Об Аршавском кое-кто говорил, что он, возможно, провокатор ГПУ.
— Корчит из себя ультралевого боевика. Считается подпольщик, а в комнате у него, прямо против дверей портрет Троцкого пришпилен. И держит дома полный чемодан литературы, жалеет отдавать. Все это подозрительно.
Его радикальные монологи отталкивали. Я не верил тем, кто называл его провокатором, но все же скрывал от него имена, адреса своих друзей и сочувствующих. Он только хмыкал.
— В конспирацию играешься? Ну, давай, давай.

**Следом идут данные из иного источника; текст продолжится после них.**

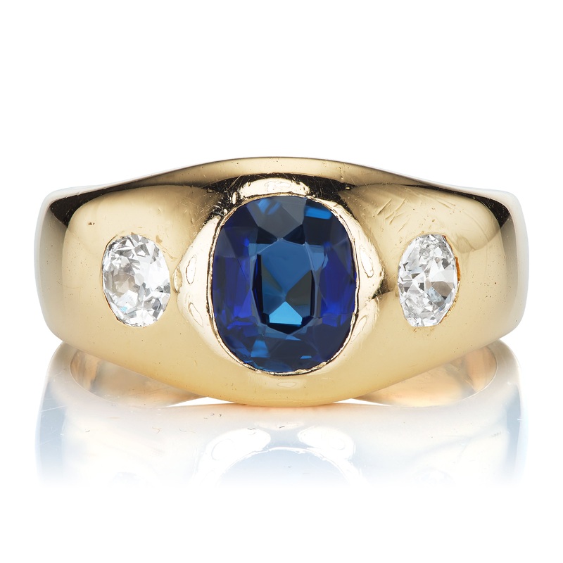 TheFinley ring is an authentic vintage sapphire and diamond ring from the Edwardian Era circa 1900. The ring centers a GIA-certified No Heat Cambodian oval cut sapphire weighing approximately 2.50-carats. An Old Mine Cut diamond is set to either side of the center stone, both combining for approximately 0.56-carats of approximately I-J VS-SI clarity. The stones are bezel set in an 18kt yellow gold setting. The ring is currently size10.25 and can be resized to some sizes.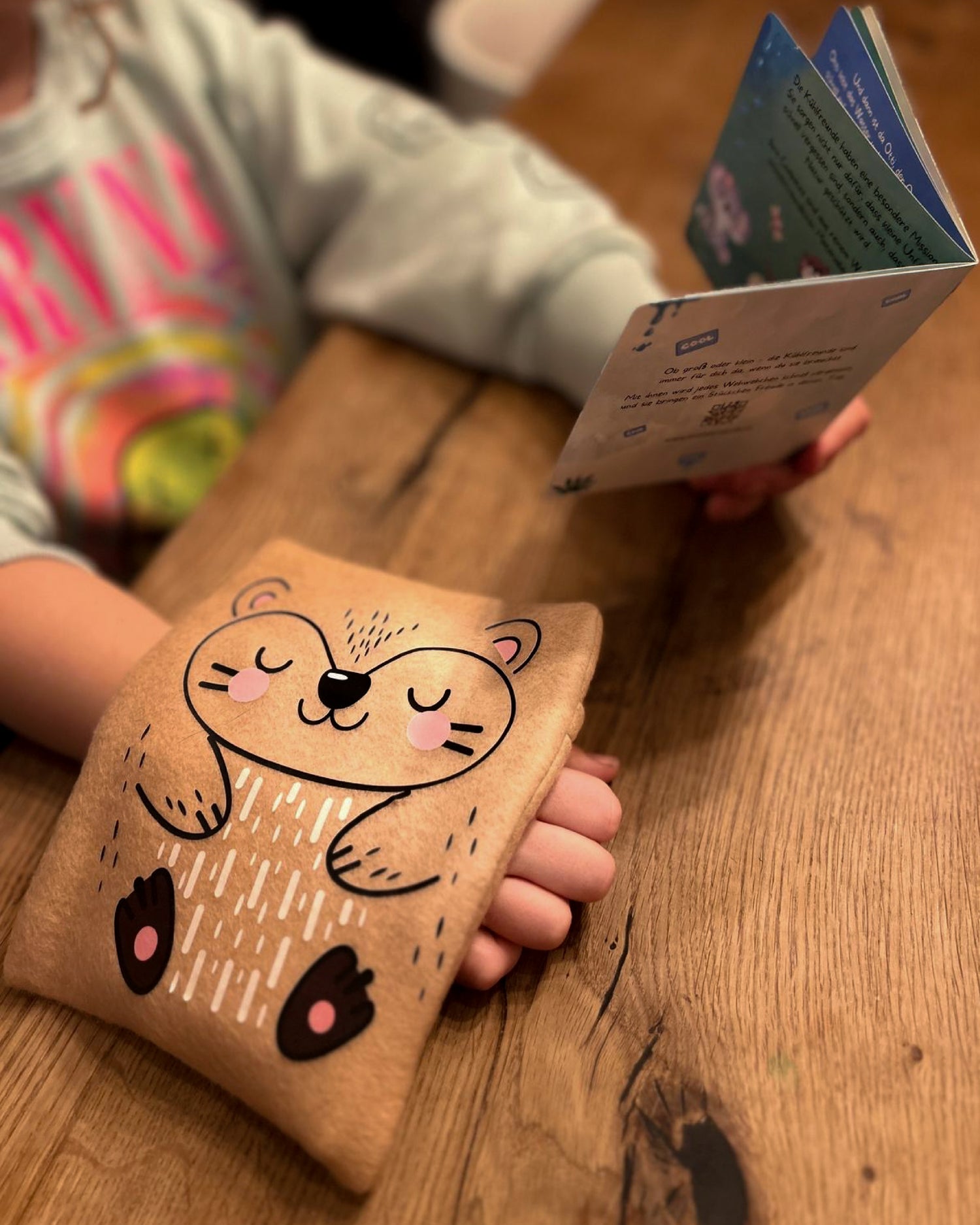 Mit dem aufgedruckten QR-Code kannst du und dein Kind jederzeit die Abenteuer von Koala Karla, Otti dem Otter und ihren Freund*innen entdecken.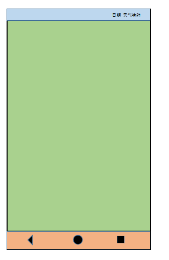 假如一个屏幕的区域是这样,蓝色的那条叫状态栏(statusBar),下面橙色的那条叫导航(NavigationBar),中间绿色的是应用区域。标题栏是应用区域里面的,因为现在很多都是用到自定义的标题栏而不是系统的标题栏,所以这里不介绍。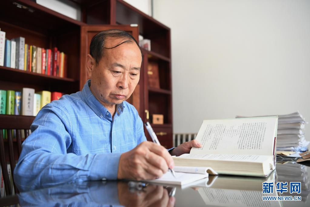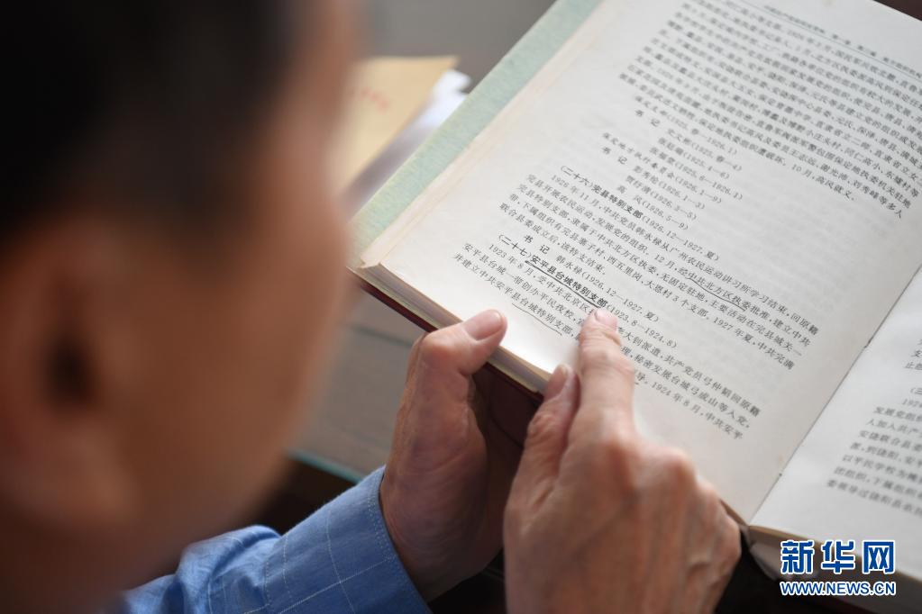 5月8日,河北省安平县红色文化研究会会长李建抓在家中翻阅党史资料。新华社记者 朱旭东 摄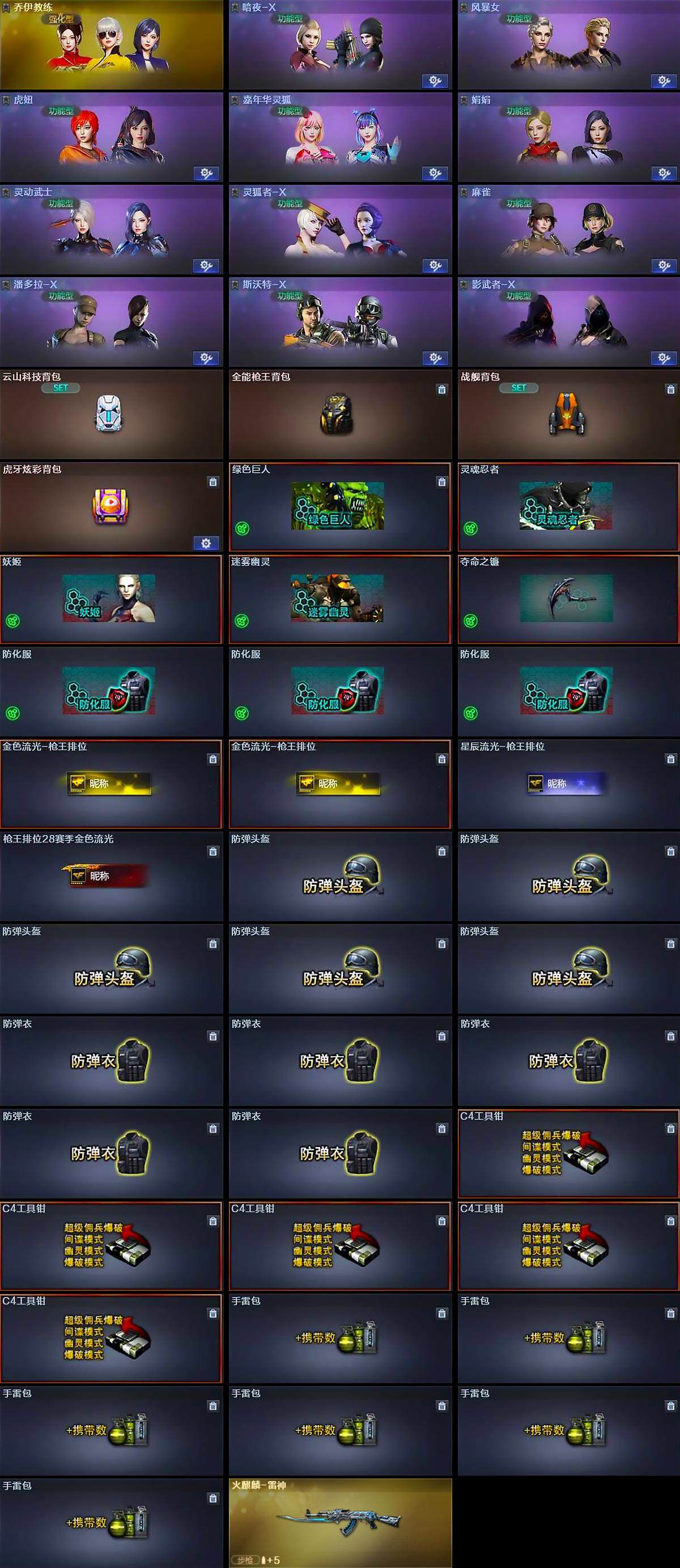 【道具】:云山科技背包,全能枪王背包,战舰背包,虎牙炫彩背包,绿色巨人,灵魂忍者,妖姬,迷雾幽灵,夺命之镰,防化服*3,金色流光-枪王排位*2,星辰流光-枪王排位,枪王排位28赛季金色流光,防弹头盔*5,防弹衣*5,C4工具钳*5,手雷包*6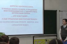 Ученики класса были вовлечены в увлекательное путешествие с Бобром его другом Аквусом. Была продемонстрирована красочная видео-презентация по данной экологической проблеме, которую комментировал Егор Быстренин.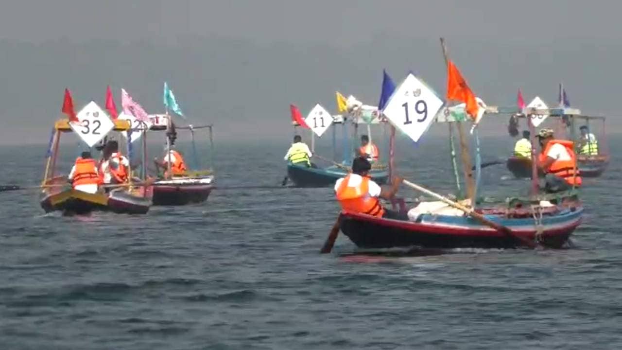 মুকুটমণিপুর: বছরের অন্য সময় তো বটেই, শীত এলেই বাংলার পর্যটকদের অনেকেই ছুটে আসেন রাজ্যের অন্যতম আকর্ষণীয় পর্যটনকেন্দ্র বাঁকুড়ার মুকুটমণিপুরে। এক ছাতার তলায় পাহাড় জল আর জঙ্গলের অপূর্ব স্বাদ নিতে প্রতি বছর রাজ্যের তো বটেই ভিন রাজ্যেরও বহু পর্যটক ছুটে আসেন বাঁকুড়ার মুকুটমণিপুরে। সেই মুকুটমণিপুরের পর্যটনে এবার যোগ হল নতুন পালক। জলাধারের নৌকা চালকদের উৎসাহ দেওয়ার পাশাপাশি পর্যটক টানতে মুকুটমণিপুরে প্রথমবার আয়োজিত হল নৌকাবাইচ প্রতিযোগিতা। প্রতিযোগিতায় মুকুটমনিপুর জলাধারের নীল জলে ভাসল প্রায় ৫০টি নৌকা। একেবারে চোখ ধাঁধানো সৌন্দর্য।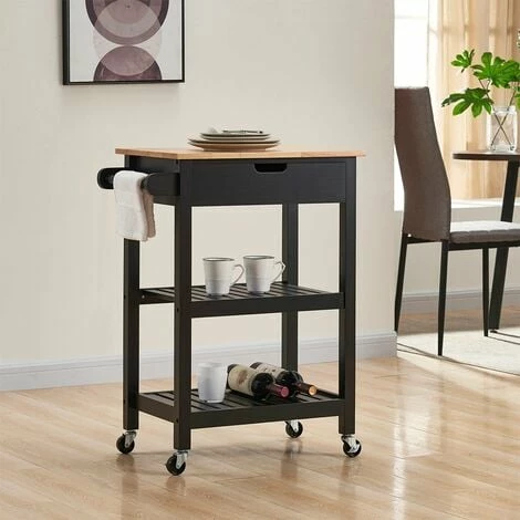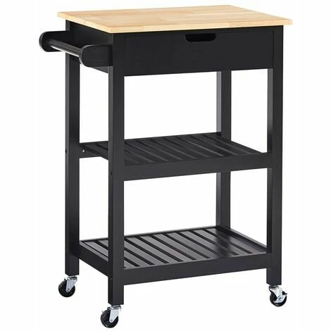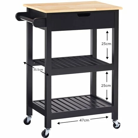 Our Charles Bentley kitchen trolley is perfect for those looking to add extra workspace in their kitchen. This piece includes a tea towel rail, large storage drawer, two tiers of shelving, and a stylish rubber wood top. What’s more, this piece has wheels for easy movement, allowing you to create additional space and storage wherever it is needed. Also available in grey and white.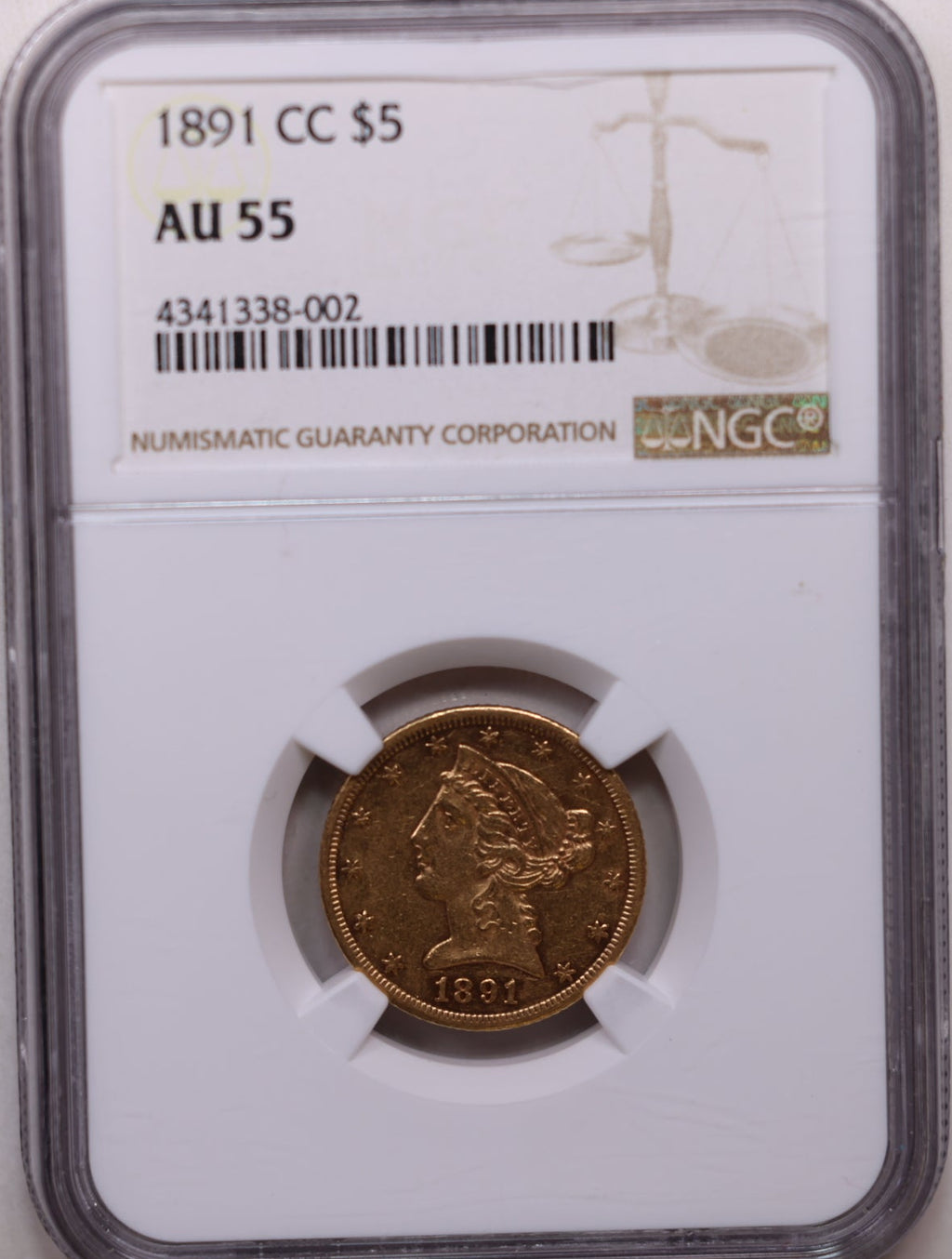 1891-CC $5, Gold Half Eagle, "Carson City", Circulated, NGC AU-55, Store Sale #G0155.

Если бы он действительно оказался агентом ГПУ и его фанатизм — провокацией, я, возможно, лучше бы думал об оппозиции. Но в мае 29 года его арестовали и притом одного. Тогда уже не было больших „выемок“. Чемодан с литературой — книгами, брошюрами, листовками забрали. Его приговорили к трем годам ссылки. Новый представитель „центра“ Саша Богданов — молодой рабочий-металлист, сдержанный, немногословный — внешне прямая противоположность Мосе, — говорил о нем сочувственно:
— Толковый парень. Настоящий большевик. Горяч малость, но в общем и целом на правильной линии.
Меня эти речи убеждали, что от оппозиции надо уходить.
В январе 1935 года я думал, что если где-то там, за границей, на Троцкого напали фашистские провокаторы, то здесь его подпольные сторонники-фанатики вроде Моси, в отместку могли решиться убить Кирова.
Сообщили о расстреле Николаева и членов „ленинградского центра“ — Каталынова и других. Зиновьева и Каменева судили; они каялись и признавали свою „моральную ответственность“ (тогда еще не было речи ни о прямом соучастии, ни о подстрекательстве). Их проклинали все бывшие оппозиционеры. Радек доказывал неизбежность преступного вырождения любой антипартийной группы. Горький и Алексей Толстой писали о них с отвращением. Изо дня в день во всех газетах требовали мести, взывали к революционной бдительности рабочие, колхозники, студенты, старые большевики, писатели, артисты…
В справедливости этих призывов я не сомневался. И, вспоминая, что лет шесть назад я считал себя единомышленником тех, кто уже тогда готовился воевать против партии, против советской власти, я испытывал стыд и страх — мучительное сознание, что теперь и на меня могут смотреть с подозрением, с недоверием.
Надя уехала на зимние каникулы в Киев, к своим родителям, а я перебрался к моим, на мамины харчи.
Вечером внезапно пришли Дус Рубижанович и Лева Раев, тревожно возбужденные.
— Илья Фрид объявил голодовку. Его уволили из редакции. Говорят: иди обратно в цех или совсем уматывайся. Петя Грубник сперва не хотел увольнять — „Мы ж его все знаем“. Но в парткоме как драконы: „Это политическое дело. Кирова убили зиновьевцы… А ваш Фрид исключался за оппозицию. Даешь бдительность! Нехай идет обратно к станку, докажет“… А ведь это ж они сами его из цеха в редакцию тянули. Мы ж все помним: как слона уговаривали. Ну вот, Илья объявил голодовку и написал заявление в ЦК, лично Сталину. Заперся в комнате. Никого не пускает. Написал, что будет голодать, пока не разберут партийное дело, не восстановят правду. Мы к нему приходили — гонит.